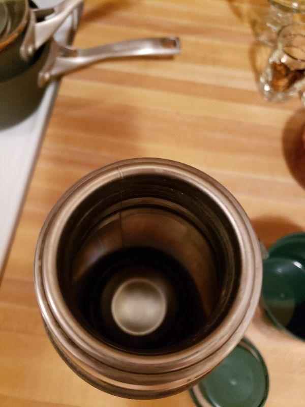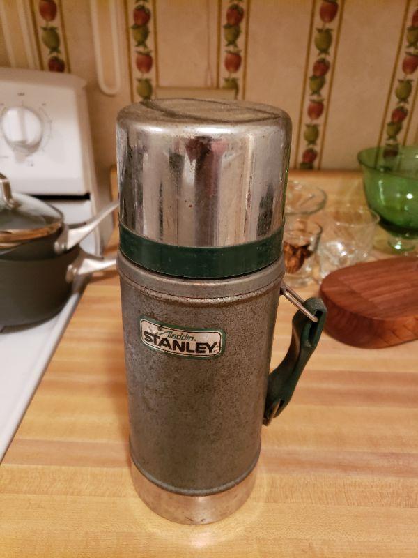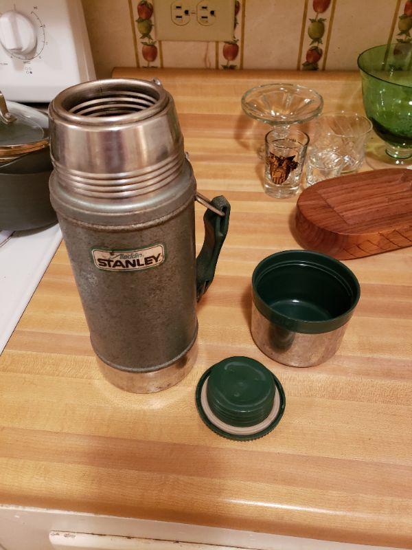 Great condition. Glass interior. Green. Thermos with handle,screw on cap ,cup.
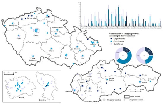 Localization of shopping centers within urban zones can also be regarded as a crucial element of a shopping center’s success [,,]. It is also why the second classification criterion was the localization of shopping centers within basic morphogenetic urban zones [,]. The analysis reveals that the localization of the shopping centers is different in both countries, and it has its own specifics. While in the Czech Republic most shopping centers are from the group of “out of center” (49%), in Slovakia the shopping centers are from the group of “out of town” (52%). Moreover, there are the fewest “out of center” shopping centers out of all shopping center categories in Slovakia; in the Czech Republic the shopping centers are often in historic city centers. Localization of shopping centers in historical urban centers is more typical in less populated cities than in capitals (Figure 5). However, both countries have a common trend already lasting the entire decade: The shift of shopping center construction out from peripheral areas (beginning of development) to the city centers (construction in brownfields). Again, it is a trend supporting revival and social-economic sustainability of the city hub and inner-city areas [,]. However, the sustainability of a city focused on shopping opportunities cannot be tied only to shopping centers and their expansion. The sustainability of cities highly depends on the city center viability and shopping street resilience []. Development of shopping centers in the historic city center or inner city can lead to a conflict between retail zones (shopping streets vs. shopping centers). In post-socialist cities shopping centers predominate over shopping streets []. Urban sustainability has been associated with preserving balanced retail systems set in diverse facilities and shopping environments that are able to respond efficiently to the needs, wants, and desires of different types of consumers. Cities with an efficient network of centers that deliver goods and services to the vicinity should be more sustainable than those without such a network [] (p. 4).
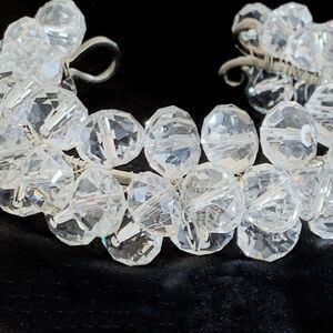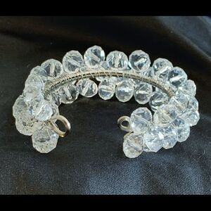 Fantastic bracelet made with 50 hand wrapped Swarovski faceted crystals , incredible sparkle and shine. Perfect for bride, black tie, runway events and more. Excellent condition and sparkle, measures 3” across, 2.5” h 1” thick, adjustable.
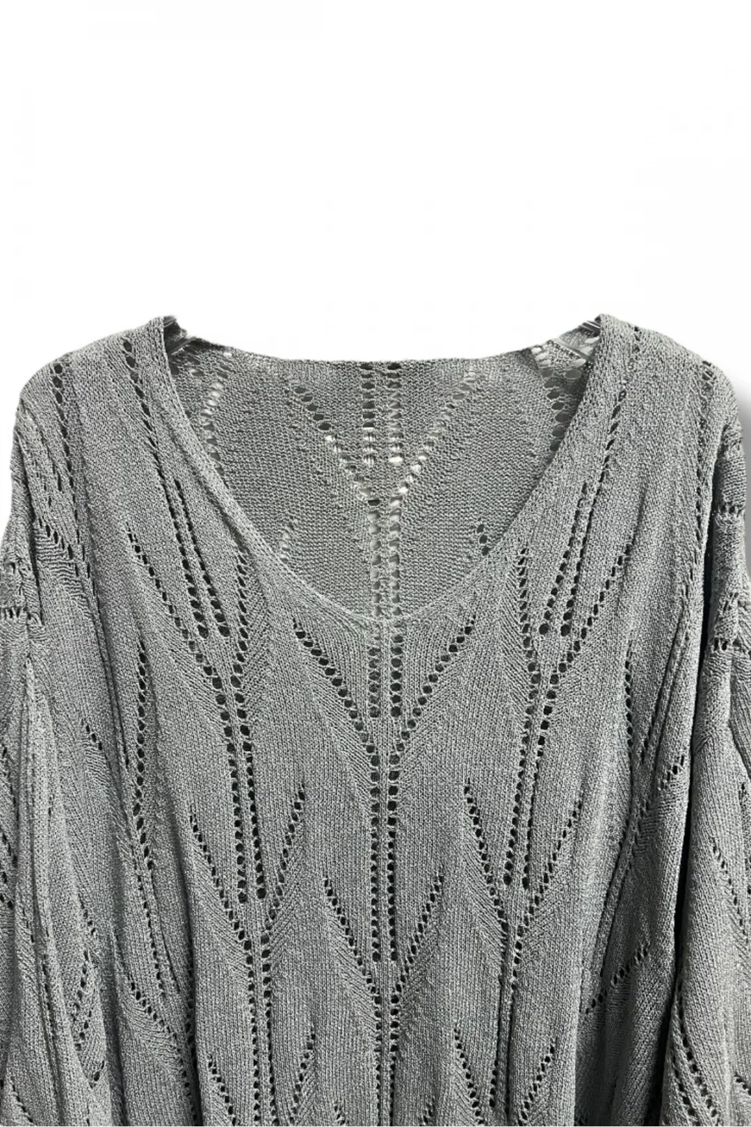 38–48 Beden Uyumlu Merserize Triko Bluz – Dokulu Desenli Gri
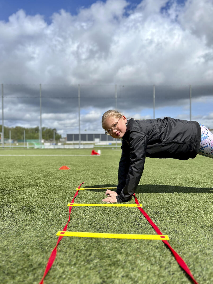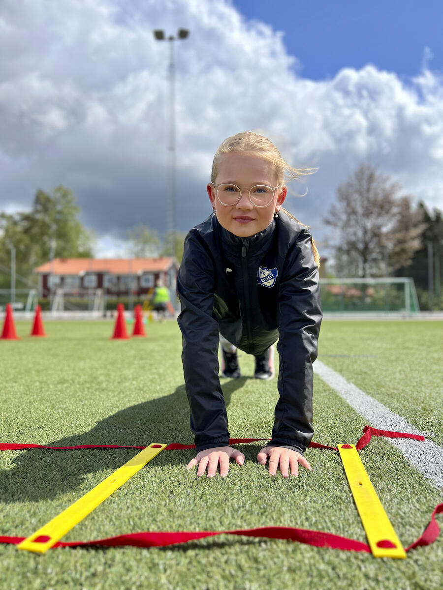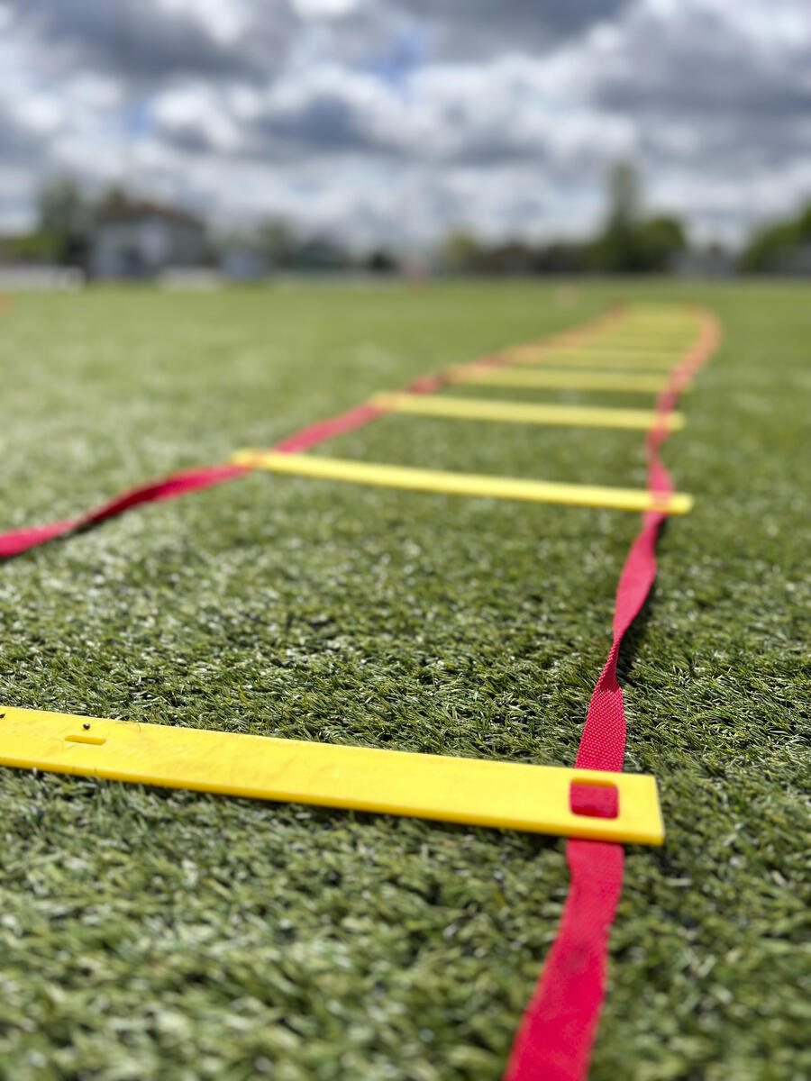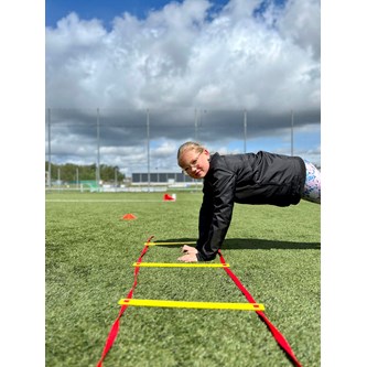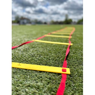 Med löpstegen kan man träna spänst, koordination och snabbhet. Den lämpar sig väl att använda vid exempelvis vid stationsövningar. Yngre barn kan träna grovmotorik och balans genom att t.ex. hoppa jämfota, på ett ben i varje eller vartannat hål eller gå balansgång på ribborna. Övningarna kan varieras beroende på åldern på utövaren. De platta ribborna är fästa i nylonbanden, men är justerbara till önskat mellanrum. Mått: L6 m, B50 cm. Levereras i en praktisk förvaringsväska. Innehåller PP och stål.
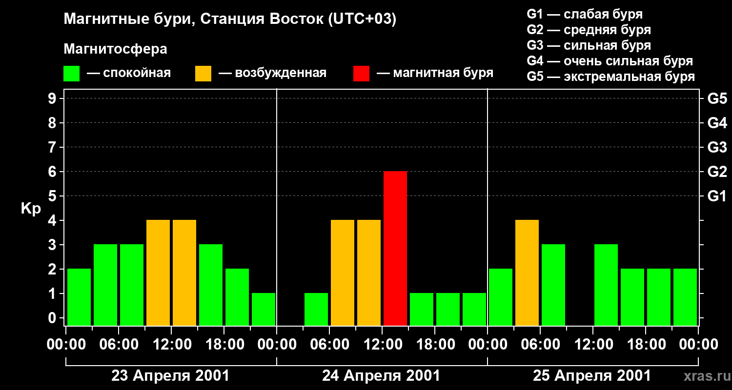 Магнитные бури локации Станция Восток — 25 апреля 2001 года
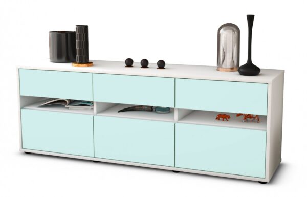 100% Hergestellt in Deutschland und mit Ökostrom produziert. Der Holzschrank überzeugt durch hochwertige Materialien sowie eine erstklassige und saubere Verarbeitung. Der Aufbau des Lowboards gestaltet sich aufgrund der Aufbauanleitung mit grafischen Darstellungen und Illustrationen einfach und schnell. Der Versand erfolgt innerhalb von 2-3 Werktagen. Dieses Lowboard hat Gesamt-Maße von 136x49x35cm. Viel Platz, eine leere Wand, kein passendes Möbelstück? Mit der Gesamtlänge von ca. 1,36 Meter bietet dieser Schrank vielzählige Einsatzmöglichkeiten. Die Frontfarbe Eisblau verleiht Ihrem Raum Frische. Das Himmelblau fördert eine sanfte Atmosphäre. Die Farben Hellblau und Mint werden gerne für moderne Wohnräume verwendet. Der weiße matte Korpus kann überall integriert werden. Mit der beruhigenden Farbe weiß, findet sich leicht Stellplatz für dieses schöne Möbelstück.
+ + + + + + +
_Exercise:_ Without altering anything, output all the lines above but none of the images.

_Written response:_
 Great condition. Glass interior. Green. Thermos with handle,screw on cap ,cup.
 Localization of shopping centers within urban zones can also be regarded as a crucial element of a shopping center’s success [,,]. It is also why the second classification criterion was the localization of shopping centers within basic morphogenetic urban zones [,]. The analysis reveals that the localization of the shopping centers is different in both countries, and it has its own specifics. While in the Czech Republic most shopping centers are from the group of “out of center” (49%), in Slovakia the shopping centers are from the group of “out of town” (52%). Moreover, there are the fewest “out of center” shopping centers out of all shopping center categories in Slovakia; in the Czech Republic the shopping centers are often in historic city centers. Localization of shopping centers in historical urban centers is more typical in less populated cities than in capitals (Figure 5). However, both countries have a common trend already lasting the entire decade: The shift of shopping center construction out from peripheral areas (beginning of development) to the city centers (construction in brownfields). Again, it is a trend supporting revival and social-economic sustainability of the city hub and inner-city areas [,]. However, the sustainability of a city focused on shopping opportunities cannot be tied only to shopping centers and their expansion. The sustainability of cities highly depends on the city center viability and shopping street resilience []. Development of shopping centers in the historic city center or inner city can lead to a conflict between retail zones (shopping streets vs. shopping centers). In post-socialist cities shopping centers predominate over shopping streets []. Urban sustainability has been associated with preserving balanced retail systems set in diverse facilities and shopping environments that are able to respond efficiently to the needs, wants, and desires of different types of consumers. Cities with an efficient network of centers that deliver goods and services to the vicinity should be more sustainable than those without such a network [] (p. 4).
 Fantastic bracelet made with 50 hand wrapped Swarovski faceted crystals , incredible sparkle and shine. Perfect for bride, black tie, runway events and more. Excellent condition and sparkle, measures 3” across, 2.5” h 1” thick, adjustable.
 38–48 Beden Uyumlu Merserize Triko Bluz – Dokulu Desenli Gri
 Med löpstegen kan man träna spänst, koordination och snabbhet. Den lämpar sig väl att använda vid exempelvis vid stationsövningar. Yngre barn kan träna grovmotorik och balans genom att t.ex. hoppa jämfota, på ett ben i varje eller vartannat hål eller gå balansgång på ribborna. Övningarna kan varieras beroende på åldern på utövaren. De platta ribborna är fästa i nylonbanden, men är justerbara till önskat mellanrum. Mått: L6 m, B50 cm. Levereras i en praktisk förvaringsväska. Innehåller PP och stål.
 Магнитные бури локации Станция Восток — 25 апреля 2001 года
 100% Hergestellt in Deutschland und mit Ökostrom produziert. Der Holzschrank überzeugt durch hochwertige Materialien sowie eine erstklassige und saubere Verarbeitung. Der Aufbau des Lowboards gestaltet sich aufgrund der Aufbauanleitung mit grafischen Darstellungen und Illustrationen einfach und schnell. Der Versand erfolgt innerhalb von 2-3 Werktagen. Dieses Lowboard hat Gesamt-Maße von 136x49x35cm. Viel Platz, eine leere Wand, kein passendes Möbelstück? Mit der Gesamtlänge von ca. 1,36 Meter bietet dieser Schrank vielzählige Einsatzmöglichkeiten. Die Frontfarbe Eisblau verleiht Ihrem Raum Frische. Das Himmelblau fördert eine sanfte Atmosphäre. Die Farben Hellblau und Mint werden gerne für moderne Wohnräume verwendet. Der weiße matte Korpus kann überall integriert werden. Mit der beruhigenden Farbe weiß, findet sich leicht Stellplatz für dieses schöne Möbelstück.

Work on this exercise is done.